I look over at James, and we both roll our eyes. I’m not sure I know why he’s annoyed—I suspect because it gets annoying after a while to hear a rich kid talk about how crappy America is. Percival Smith Abney is an heir to the P. B. Abney fortune. But Percy hates his wealth. Percy wants to be poor. Because poor is real. And noble. That’s how it is in New York. All the rich kids want to be poor, and all the poor kids want to be rich, and the kids in the middle just watch it all play out and volunteer in soup kitchens and buy clothes in thrift shops and develop opinions.
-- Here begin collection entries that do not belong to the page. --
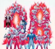 At this point, the focus is taken off Kanji while Ultraman Ace, Ultraman Taro, Ultraman Leo, Ultraman 80, Ultraman Joneus, Ultraman Scott, Ultrawoman Beth, Ultraman Chuck, Ultraman Zearth, Ultraman Powered and Ultraman Great's worlds are shown to their respective instrumental theme songs.
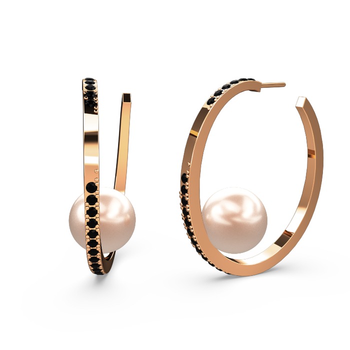 Pembe inci ve siyah zirkon 925 ayar rose altın kaplama gümüş küpe
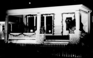 Lincoln Home NHS- Christmas in Lincoln Neighborhood House decorated for Christmas, location unknown. Miller? neighborhood, night, Christmas, decor, wreath, garland
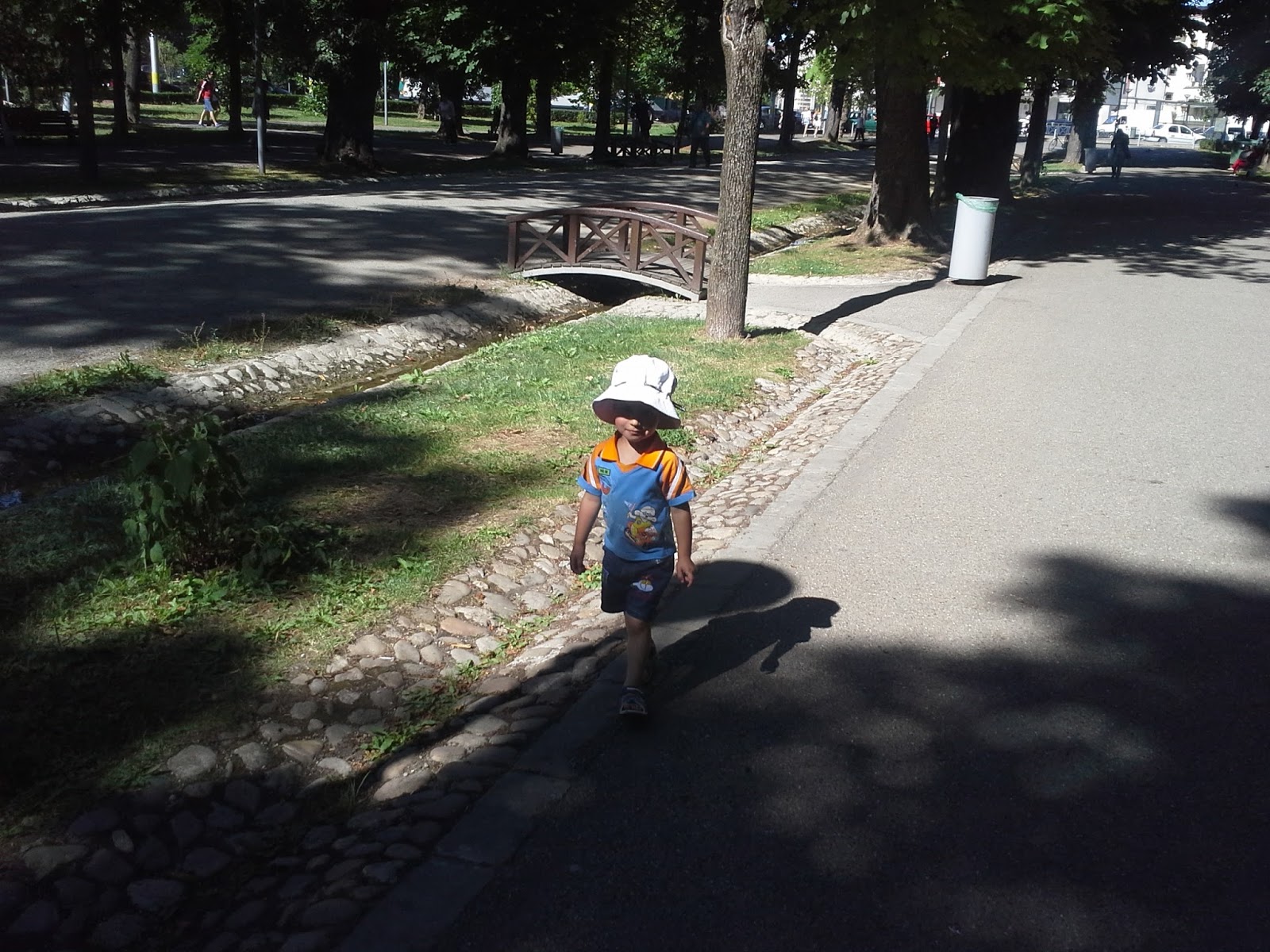 Bună e trambulina, dar călătorului îi stă bine cu drumul! Am pornit spre cascadă. Pe drum, dumnealui se plângea că îl doare spatele (m-a auzit pe mine de câteva ori) și era supărat că nu îl duc în brațe.

James and I fit squarely in that middle category. His dad is a musician and his mom is a journalist. He doesn’t have a poignant backstory full of abuse or drugs for the empathetic liberals. His parents pay for Colver in the same way my parents pay for Pendleton: by forsaking their retirement accounts. My family is only slightly better off because my dad is a lawyer. He works on the public-interest side, though, so it’s not like he’s bringing home bank, but it’s enough so that my mom was able to stay home for most of my life and keep me in imitation Vans. So maybe James is sick of hearing it, or maybe that’s not it at all. Maybe he finds Percy’s attraction to Sarah as degrading as I find it. Or maybe he’s jealous. Maybe he wishes Sarah’s abundant breasts were pressed against his rib cage right now. All I know is that I’m glad I’m not alone in my loneliness, which I know is a selfish feeling.